WHAT THE TASK ASKS: Your job is to return the whole listing unchanged while skipping its images.
++++ DATA RECORDS
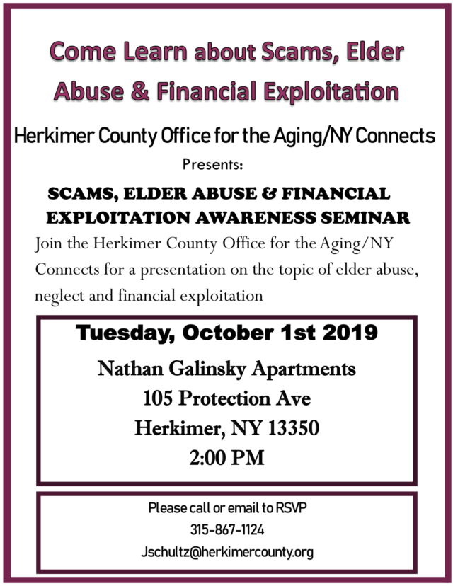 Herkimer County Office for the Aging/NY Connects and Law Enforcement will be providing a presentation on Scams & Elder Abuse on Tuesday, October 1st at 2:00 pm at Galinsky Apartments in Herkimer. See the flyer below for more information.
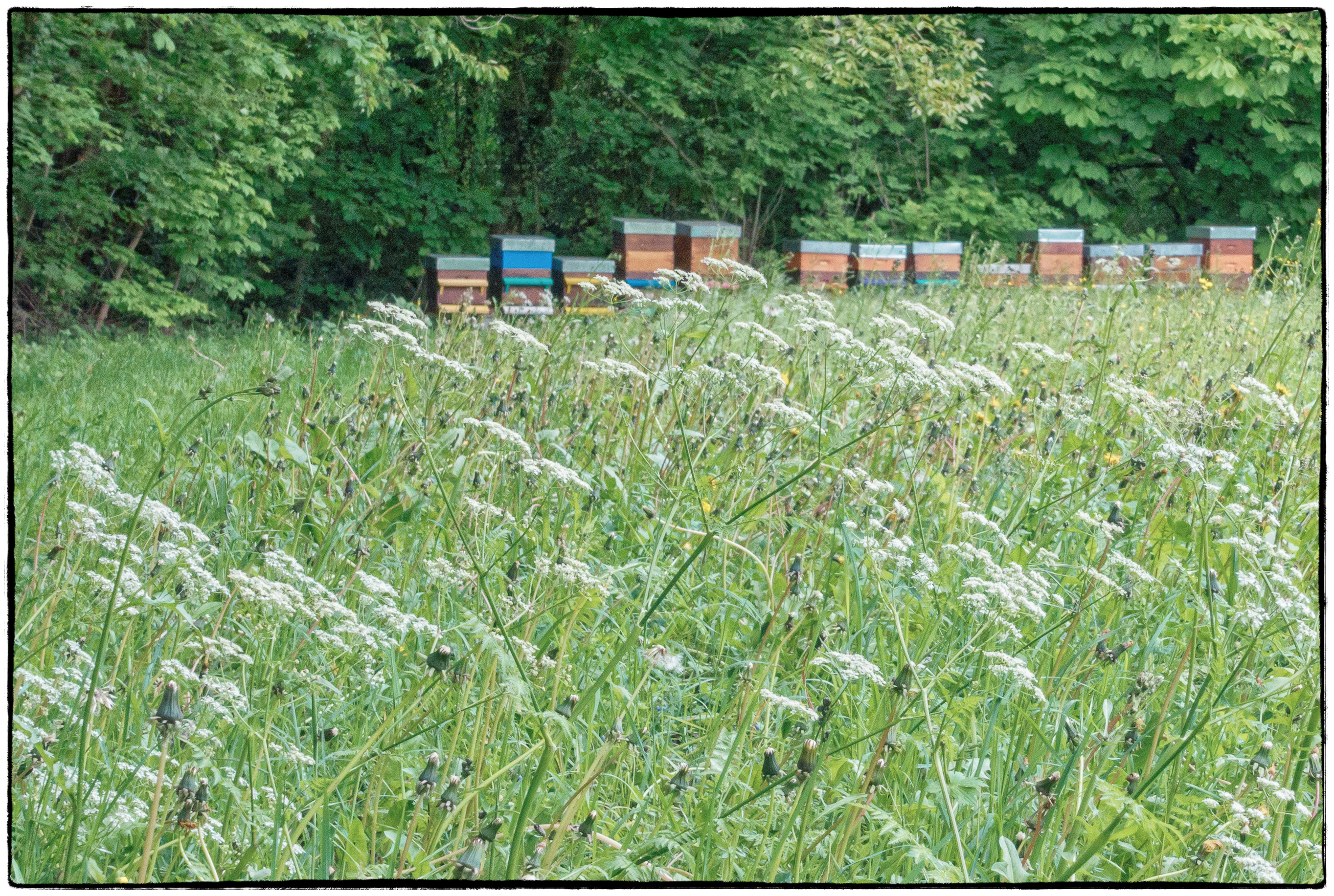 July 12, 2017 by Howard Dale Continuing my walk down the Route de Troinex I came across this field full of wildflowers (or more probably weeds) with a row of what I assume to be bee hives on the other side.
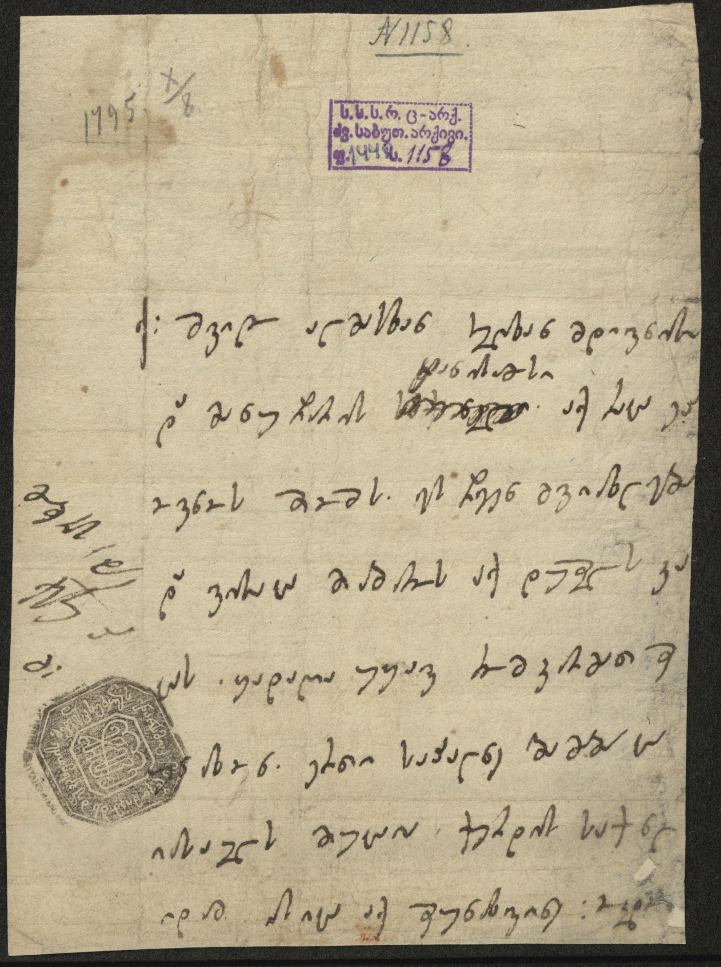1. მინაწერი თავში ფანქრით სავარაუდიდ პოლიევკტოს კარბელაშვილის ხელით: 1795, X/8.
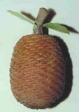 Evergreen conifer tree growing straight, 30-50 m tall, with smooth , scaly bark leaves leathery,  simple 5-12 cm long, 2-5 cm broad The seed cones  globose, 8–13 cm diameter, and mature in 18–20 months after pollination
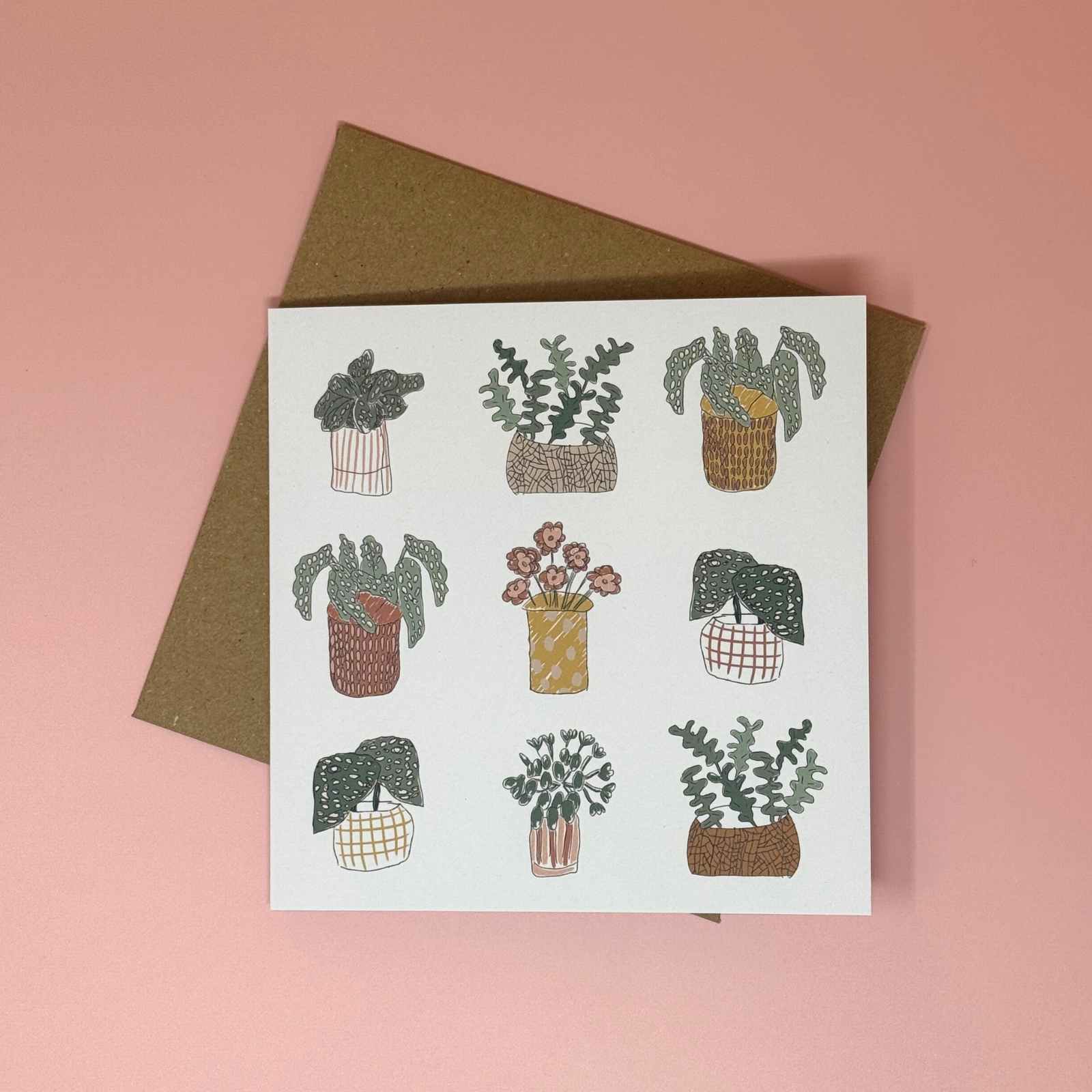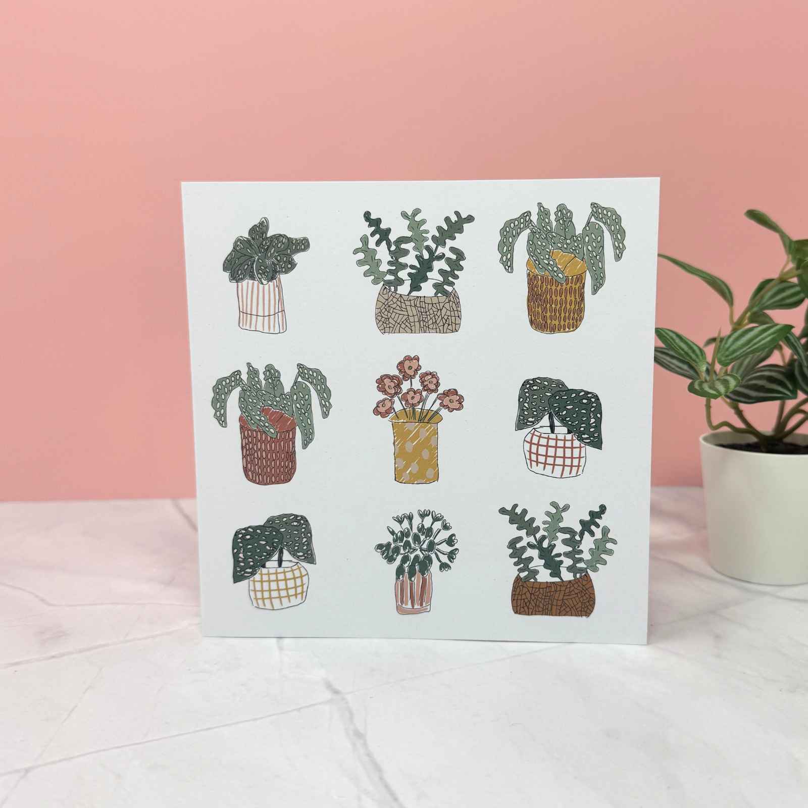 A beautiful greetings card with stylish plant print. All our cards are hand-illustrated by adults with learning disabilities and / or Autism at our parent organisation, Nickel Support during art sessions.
++++++++
WRITTEN ANSWER:
 Herkimer County Office for the Aging/NY Connects and Law Enforcement will be providing a presentation on Scams & Elder Abuse on Tuesday, October 1st at 2:00 pm at Galinsky Apartments in Herkimer. See the flyer below for more information.
 July 12, 2017 by Howard Dale Continuing my walk down the Route de Troinex I came across this field full of wildflowers (or more probably weeds) with a row of what I assume to be bee hives on the other side.
1. მინაწერი თავში ფანქრით სავარაუდიდ პოლიევკტოს კარბელაშვილის ხელით: 1795, X/8.
 Evergreen conifer tree growing straight, 30-50 m tall, with smooth , scaly bark leaves leathery,  simple 5-12 cm long, 2-5 cm broad The seed cones  globose, 8–13 cm diameter, and mature in 18–20 months after pollination
 A beautiful greetings card with stylish plant print. All our cards are hand-illustrated by adults with learning disabilities and / or Autism at our parent organisation, Nickel Support during art sessions.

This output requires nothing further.